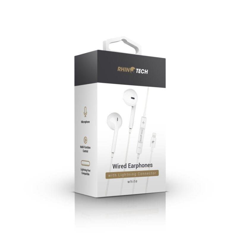 RhinoTech drátová sluchátka s Lightning konektorem bílá
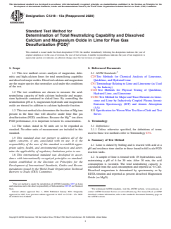 ASTM C1318-15a(2020) - Standard Test Method for Determination of Total Neutralizing Capability and Dissolved Calcium and Magnesium Oxide in Lime for Flue Gas Desulfurization (FGD)
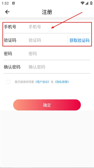 4、在注册页面,填写手机号并点击获取验证码后,填写验证码。
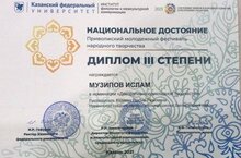 Музипов Ислам, ученик 9б класса МБОУ "Нурминская СОШ", принял участие в Приволжском молодежном фестивале народного творчества "Национальное достояние" (номинация "Декоративно-прикладное творчество") и стал обладателем диплома III степени.
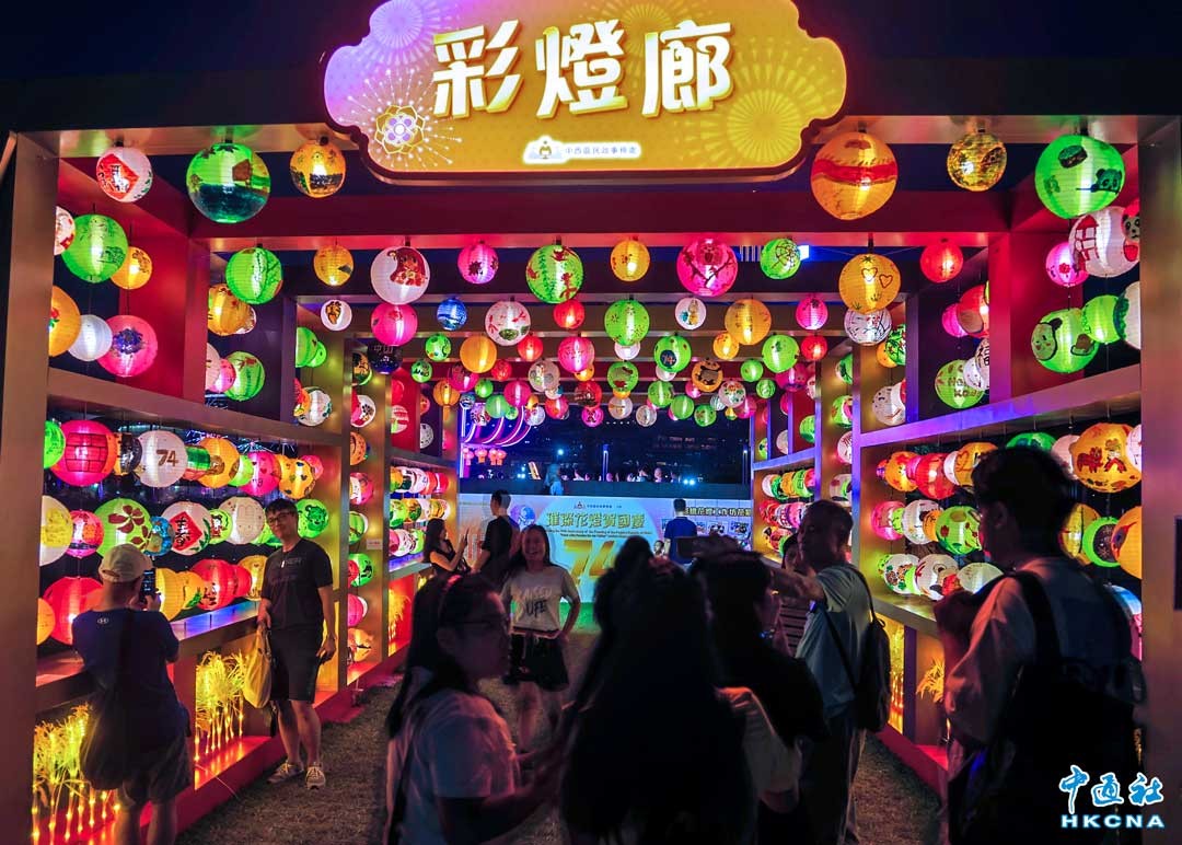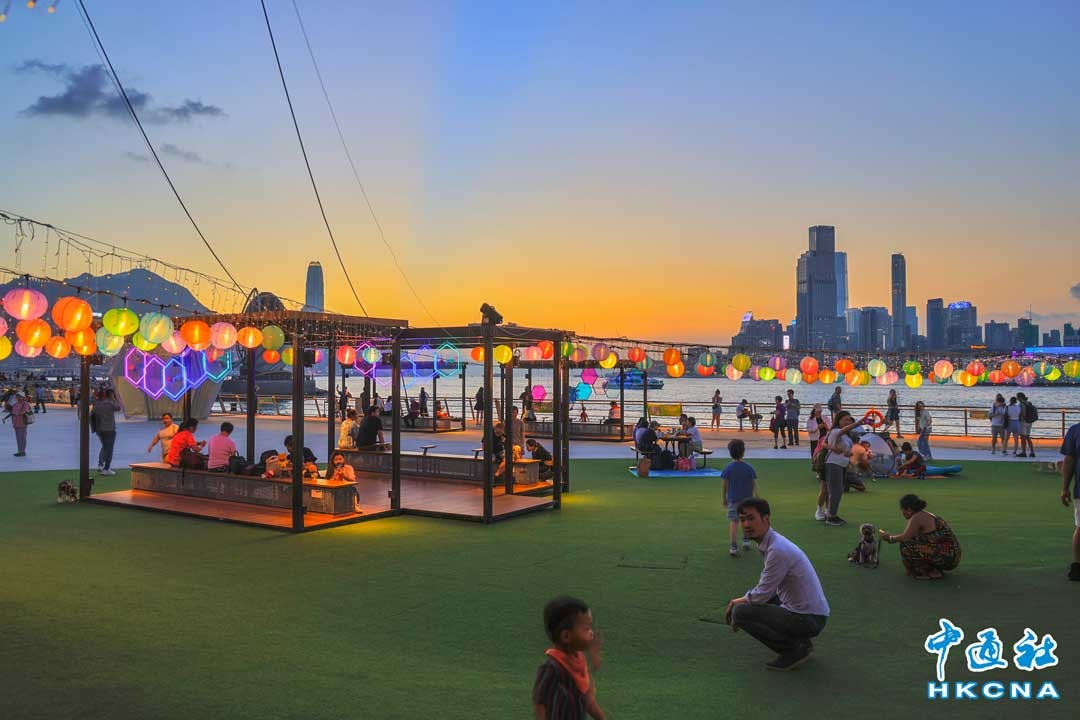 9月30日中秋節翌日,香港市民在添馬公園賞花燈。(香港中通社記者 曹文毓攝)
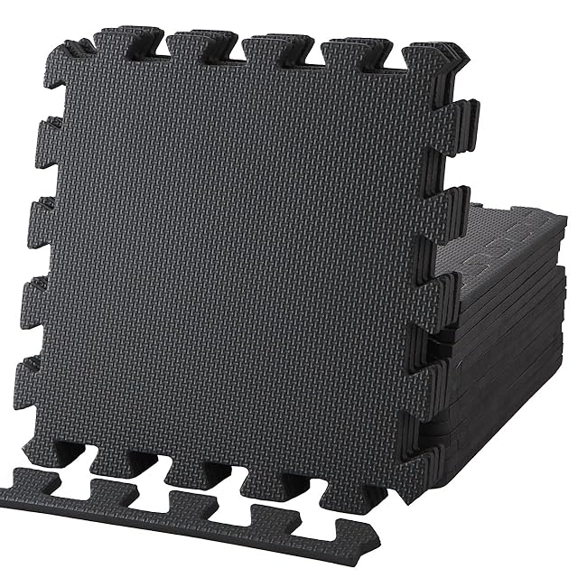 Geum EVA ジョイントマット エクササイズ/トレーニング用 30x30x1.0cm 18枚セット 床保護 キズ防止 防音(サイドパーツ18辺付き) (ブラック) Geum006 | Trend Design BASE店
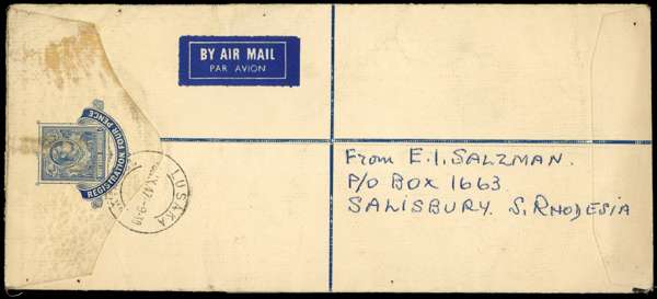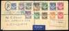 1947 4d registered envelope (230 x 100mm) from Lusaka with 5.xi.47 CDSs to London. Bears the set as available (12 values) less the 10/-, 6d with missing corner. The envelope with faults but quite presentable from the front. SG 25/45
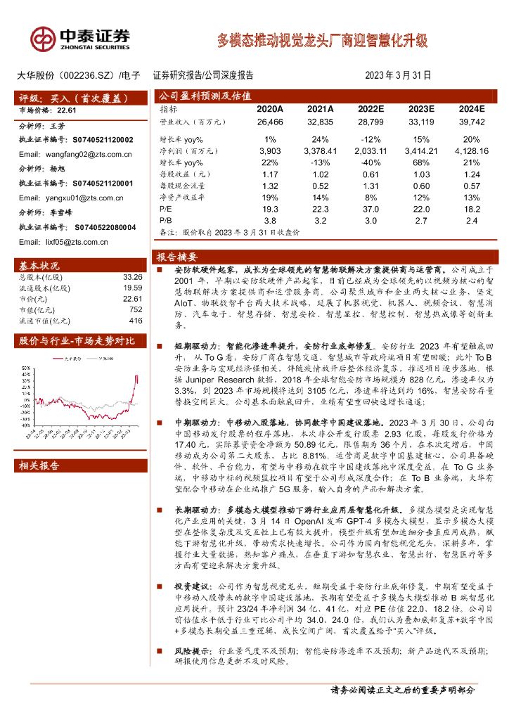 中泰证券:大华股份(002236)-多模态推动视觉龙头厂商迎智慧化升级.pdf
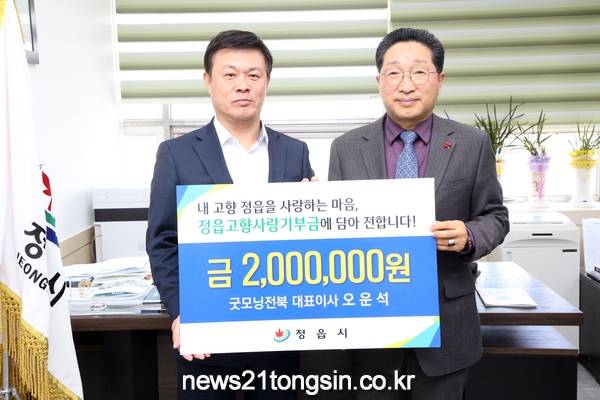 ▲ 정읍시= 고향사랑기부금 200만원 전달뉴스21통신전북/김문기기자=오운석 굿모닝전북 대표이사는 지난 20일 정읍시청을 방문해 고향사랑기부제 기부금 200만원을 전달했다.

» Exercise details:
Please write out exactly the lines starting at the one that contains "Музипов Ислам, ученик" and ending with the final line of the entries, both ends included. Do not write out any pictures.

» Completed exercise:
 Музипов Ислам, ученик 9б класса МБОУ "Нурминская СОШ", принял участие в Приволжском молодежном фестивале народного творчества "Национальное достояние" (номинация "Декоративно-прикладное творчество") и стал обладателем диплома III степени.
 9月30日中秋節翌日,香港市民在添馬公園賞花燈。(香港中通社記者 曹文毓攝)
 Geum EVA ジョイントマット エクササイズ/トレーニング用 30x30x1.0cm 18枚セット 床保護 キズ防止 防音(サイドパーツ18辺付き) (ブラック) Geum006 | Trend Design BASE店
 1947 4d registered envelope (230 x 100mm) from Lusaka with 5.xi.47 CDSs to London. Bears the set as available (12 values) less the 10/-, 6d with missing corner. The envelope with faults but quite presentable from the front. SG 25/45
 中泰证券:大华股份(002236)-多模态推动视觉龙头厂商迎智慧化升级.pdf
 ▲ 정읍시= 고향사랑기부금 200만원 전달뉴스21통신전북/김문기기자=오운석 굿모닝전북 대표이사는 지난 20일 정읍시청을 방문해 고향사랑기부제 기부금 200만원을 전달했다.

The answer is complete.